## WHAT THE TASK ASKS:
If a line comes after the one containing "Salez et poivrez", leave it out; copy every line before it, and that line too, exactly as written, starting from the first line of the entries.

## INFORMATION SHOWN:

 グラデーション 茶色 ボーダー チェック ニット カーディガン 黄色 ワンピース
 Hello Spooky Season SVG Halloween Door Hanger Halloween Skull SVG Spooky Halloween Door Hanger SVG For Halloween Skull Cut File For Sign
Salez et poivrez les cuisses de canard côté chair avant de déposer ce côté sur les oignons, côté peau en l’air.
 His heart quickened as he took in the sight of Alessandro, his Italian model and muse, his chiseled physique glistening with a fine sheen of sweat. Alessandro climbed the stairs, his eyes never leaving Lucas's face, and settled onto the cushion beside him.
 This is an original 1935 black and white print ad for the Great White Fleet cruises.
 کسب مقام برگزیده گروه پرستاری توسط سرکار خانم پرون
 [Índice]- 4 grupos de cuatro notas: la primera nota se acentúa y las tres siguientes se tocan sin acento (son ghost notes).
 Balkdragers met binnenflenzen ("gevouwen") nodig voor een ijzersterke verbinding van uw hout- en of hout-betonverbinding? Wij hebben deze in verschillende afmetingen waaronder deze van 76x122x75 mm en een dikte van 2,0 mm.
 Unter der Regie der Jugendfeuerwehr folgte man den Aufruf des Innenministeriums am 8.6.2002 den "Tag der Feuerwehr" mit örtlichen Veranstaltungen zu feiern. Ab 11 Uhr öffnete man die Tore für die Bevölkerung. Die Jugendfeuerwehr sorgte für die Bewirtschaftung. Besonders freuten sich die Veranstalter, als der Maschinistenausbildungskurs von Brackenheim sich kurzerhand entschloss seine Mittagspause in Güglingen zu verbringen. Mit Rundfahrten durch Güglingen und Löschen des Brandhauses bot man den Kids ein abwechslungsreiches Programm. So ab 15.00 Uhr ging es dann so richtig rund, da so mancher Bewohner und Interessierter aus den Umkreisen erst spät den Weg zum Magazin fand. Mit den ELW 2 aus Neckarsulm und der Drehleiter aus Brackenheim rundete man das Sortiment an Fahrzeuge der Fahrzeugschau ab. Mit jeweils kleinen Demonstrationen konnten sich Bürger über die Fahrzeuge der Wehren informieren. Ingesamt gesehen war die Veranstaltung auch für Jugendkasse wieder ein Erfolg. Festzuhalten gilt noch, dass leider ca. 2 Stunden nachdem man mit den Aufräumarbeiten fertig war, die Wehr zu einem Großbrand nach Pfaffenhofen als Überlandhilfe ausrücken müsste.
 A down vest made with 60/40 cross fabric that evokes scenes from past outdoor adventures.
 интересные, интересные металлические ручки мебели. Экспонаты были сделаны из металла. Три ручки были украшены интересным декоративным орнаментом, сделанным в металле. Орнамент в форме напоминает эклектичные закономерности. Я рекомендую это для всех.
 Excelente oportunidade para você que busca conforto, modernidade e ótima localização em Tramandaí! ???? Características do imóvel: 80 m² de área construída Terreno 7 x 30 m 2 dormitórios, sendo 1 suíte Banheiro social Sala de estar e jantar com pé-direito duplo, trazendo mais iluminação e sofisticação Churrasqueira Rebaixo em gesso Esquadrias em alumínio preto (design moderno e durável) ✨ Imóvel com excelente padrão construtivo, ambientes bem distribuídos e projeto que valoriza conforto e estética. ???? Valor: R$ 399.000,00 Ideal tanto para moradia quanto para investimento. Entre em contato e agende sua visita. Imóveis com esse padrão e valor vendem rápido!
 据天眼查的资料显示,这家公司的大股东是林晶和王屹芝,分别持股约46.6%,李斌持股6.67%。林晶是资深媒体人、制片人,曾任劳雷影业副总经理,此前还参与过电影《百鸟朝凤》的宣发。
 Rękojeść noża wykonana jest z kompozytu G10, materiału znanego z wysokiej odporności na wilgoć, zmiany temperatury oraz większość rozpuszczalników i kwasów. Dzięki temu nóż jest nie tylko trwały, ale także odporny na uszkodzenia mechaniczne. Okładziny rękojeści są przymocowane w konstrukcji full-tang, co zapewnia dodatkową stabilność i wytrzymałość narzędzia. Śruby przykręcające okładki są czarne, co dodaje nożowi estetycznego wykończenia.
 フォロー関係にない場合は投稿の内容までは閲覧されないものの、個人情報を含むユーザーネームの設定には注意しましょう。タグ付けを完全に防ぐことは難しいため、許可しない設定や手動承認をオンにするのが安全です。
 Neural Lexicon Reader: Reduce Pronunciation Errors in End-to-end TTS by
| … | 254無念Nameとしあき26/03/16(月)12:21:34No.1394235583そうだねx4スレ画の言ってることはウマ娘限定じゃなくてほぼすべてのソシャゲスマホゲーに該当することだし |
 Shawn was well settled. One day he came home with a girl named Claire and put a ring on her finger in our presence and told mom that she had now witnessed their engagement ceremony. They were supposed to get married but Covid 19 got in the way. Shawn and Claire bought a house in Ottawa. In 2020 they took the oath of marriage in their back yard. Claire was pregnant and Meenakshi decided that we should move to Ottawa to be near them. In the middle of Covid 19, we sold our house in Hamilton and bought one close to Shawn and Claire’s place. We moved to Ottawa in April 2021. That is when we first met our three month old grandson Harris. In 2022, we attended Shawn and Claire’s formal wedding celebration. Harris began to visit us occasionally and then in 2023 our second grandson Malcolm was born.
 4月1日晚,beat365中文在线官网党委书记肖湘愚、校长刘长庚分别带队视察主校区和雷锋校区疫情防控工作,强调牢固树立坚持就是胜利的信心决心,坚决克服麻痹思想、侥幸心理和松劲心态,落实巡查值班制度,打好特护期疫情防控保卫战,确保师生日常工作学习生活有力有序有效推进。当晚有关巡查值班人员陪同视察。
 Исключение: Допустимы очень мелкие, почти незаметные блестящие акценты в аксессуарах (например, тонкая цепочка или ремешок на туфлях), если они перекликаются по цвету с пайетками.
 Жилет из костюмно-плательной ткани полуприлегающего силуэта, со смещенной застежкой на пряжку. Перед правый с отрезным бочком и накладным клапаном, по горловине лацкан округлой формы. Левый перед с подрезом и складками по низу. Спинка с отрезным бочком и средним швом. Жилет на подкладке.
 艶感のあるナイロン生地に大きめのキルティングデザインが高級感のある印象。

## EXERCISE OUTPUT:
 グラデーション 茶色 ボーダー チェック ニット カーディガン 黄色 ワンピース
 Hello Spooky Season SVG Halloween Door Hanger Halloween Skull SVG Spooky Halloween Door Hanger SVG For Halloween Skull Cut File For Sign
Salez et poivrez les cuisses de canard côté chair avant de déposer ce côté sur les oignons, côté peau en l’air.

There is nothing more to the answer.